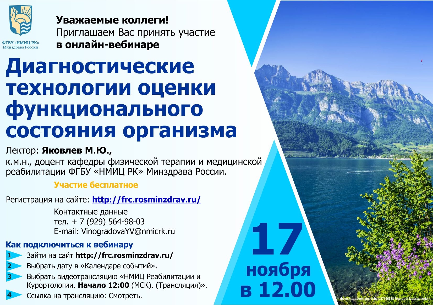 Лектор: Яковлев М.Ю., к.м.н., доцент кафедры физической терапии и медицинской реабилитации ФГБУ «НМИЦ РК» Минздрава России.
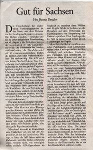 ich staunte nicht schlecht, als ich mir letztens die Frankfurter Allgemeine Sonntagszeitung zur Gemüte führte. Schreibt doch ausgerechnet Justus Bender unter der Überschrift „Gut für Sachsen“ scheinbar positiv zum für die AfD günstigen Ausgang vor dem sächsischen Verfassungsgericht. Dabei kennen wir doch Justus Bender als den lautesten Kläffern von allen auf die AfD abgerichteten Wadenbeißern in den FAZ-Redaktionsstuben. Gemach! Denn nach dem üblichen Vorgeplänkel geht es dann munter weiter im Text, ich zitiere: „Menschen sind keine zweidimensionalen Pappfiguren, auch Extremisten stehen beim Kindergartenfest am Kuchentisch…Aber gerade auf Extremisten kann ein Parlament wie eine Ausnüchterungszelle wirken; wie ein Ort, wo der Hass kanalisiert und in verfassungsgemäße Bahnen gezwungen wird.“ – Ein frommer Wunsch. Denn wir alle kennen die hasserfüllten Beschimpfungen aus den Reihen der Altparteien. „Dödel, Pack, Abschaum, Rattenfänger, Schande für Deutschland, Nazis“ usw. um nur einige der parlamentarischen Kraftausdrücke zu benennen, mit denen…
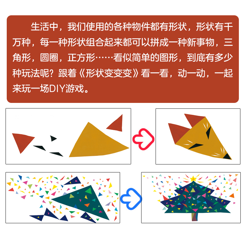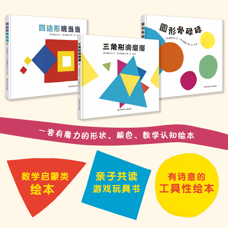 这是一套幼儿数学游戏绘本,用朗朗上口的童谣式的语言描绘了形状的组合变化。包括《圆形骨碌碌》《三角形滴溜溜》《四边形咣当当》,不同颜色、不同大小的三角形、圆形、四边形,通过不同的组合,可以变成生活中常见的物品。适合用来做亲子间的手工活动,在轻松的游戏中,让孩子认识不同的颜色、形状以及各种物品。画面简单、色彩绚丽,充满童趣,给孩子艺术熏陶和感染。富有诗意的童谣式语言,培养孩子语言表达能力和想象力。随书附赠形状游戏卡,让孩子在游戏中感知形状世界的丰富变化。
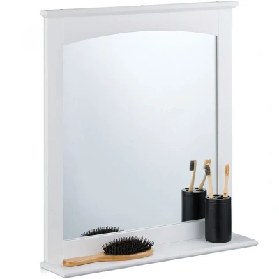 Functional and decorative, this wall mirror with a white frame seamlessly fits into your home decor. The hanging mirror can be effortlessly placed in the bathroom, bedroom, guest WC, or hallway. Thanks to its shelf, the mirror also serves as practical storage space. In the bathroom, you can place toothbrush holders and cosmetics on it. In the hallway, your keys are always within reach. You can also take a final glance in the mirror before leaving your home. Bathroom Mirror in Detail - Dimensions H x W x D: approx. 60 x 55 x 11 cm - Mirror surface H x W: approx. 48 x 45 cm - Shelf W x D: approx. 55 x 9.5 cm - Weight: approx. 3.7 kg - Material: MDF, glass - Colour: White Wall Mirror with Practical Shelf - White mirror with a wide frame fits seamlessly into various interiors - Wall mirror with a large surface for a full view - Features a shelf for toothbrush holders, cosmetics, decoration, and more - Versatile for use in the bathroom, guest WC, bedroom, hallway, etc. - Easy to mount on
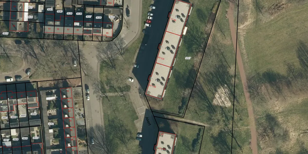 Het perceel waarop Akert 119 staat heeft een oppervlakte van 2335 m². Dit is een zeer groot perceel. De perceeloppervlakte wordt geregistreerd door het Kadaster. Gedetailleerde informatie over de maten van dit perceel kunt u vinden in het rapport Kadastrale kaart met maatvoering van Akert 119.
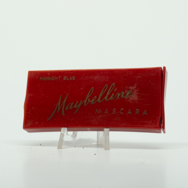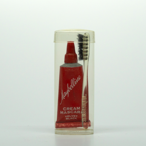 A red and white aluminum tube in a plastic cylindrical container with an applicator brush. The rube reads, "Maybelline Cream Mascara / Velvet Black," and the back reads, "Directions - Spread thin line of mascara on dry brush, work into bristles.…

■ ■ ■ ■ ■ ■ ■

> **Problem description**
What you return should be only the exact lines from the top of the entries through the line with "这是一套幼儿数学游戏绘本,用", minus the pictures.

> **Reply to the task**
 Лектор: Яковлев М.Ю., к.м.н., доцент кафедры физической терапии и медицинской реабилитации ФГБУ «НМИЦ РК» Минздрава России.
 ich staunte nicht schlecht, als ich mir letztens die Frankfurter Allgemeine Sonntagszeitung zur Gemüte führte. Schreibt doch ausgerechnet Justus Bender unter der Überschrift „Gut für Sachsen“ scheinbar positiv zum für die AfD günstigen Ausgang vor dem sächsischen Verfassungsgericht. Dabei kennen wir doch Justus Bender als den lautesten Kläffern von allen auf die AfD abgerichteten Wadenbeißern in den FAZ-Redaktionsstuben. Gemach! Denn nach dem üblichen Vorgeplänkel geht es dann munter weiter im Text, ich zitiere: „Menschen sind keine zweidimensionalen Pappfiguren, auch Extremisten stehen beim Kindergartenfest am Kuchentisch…Aber gerade auf Extremisten kann ein Parlament wie eine Ausnüchterungszelle wirken; wie ein Ort, wo der Hass kanalisiert und in verfassungsgemäße Bahnen gezwungen wird.“ – Ein frommer Wunsch. Denn wir alle kennen die hasserfüllten Beschimpfungen aus den Reihen der Altparteien. „Dödel, Pack, Abschaum, Rattenfänger, Schande für Deutschland, Nazis“ usw. um nur einige der parlamentarischen Kraftausdrücke zu benennen, mit denen…
 这是一套幼儿数学游戏绘本,用朗朗上口的童谣式的语言描绘了形状的组合变化。包括《圆形骨碌碌》《三角形滴溜溜》《四边形咣当当》,不同颜色、不同大小的三角形、圆形、四边形,通过不同的组合,可以变成生活中常见的物品。适合用来做亲子间的手工活动,在轻松的游戏中,让孩子认识不同的颜色、形状以及各种物品。画面简单、色彩绚丽,充满童趣,给孩子艺术熏陶和感染。富有诗意的童谣式语言,培养孩子语言表达能力和想象力。随书附赠形状游戏卡,让孩子在游戏中感知形状世界的丰富变化。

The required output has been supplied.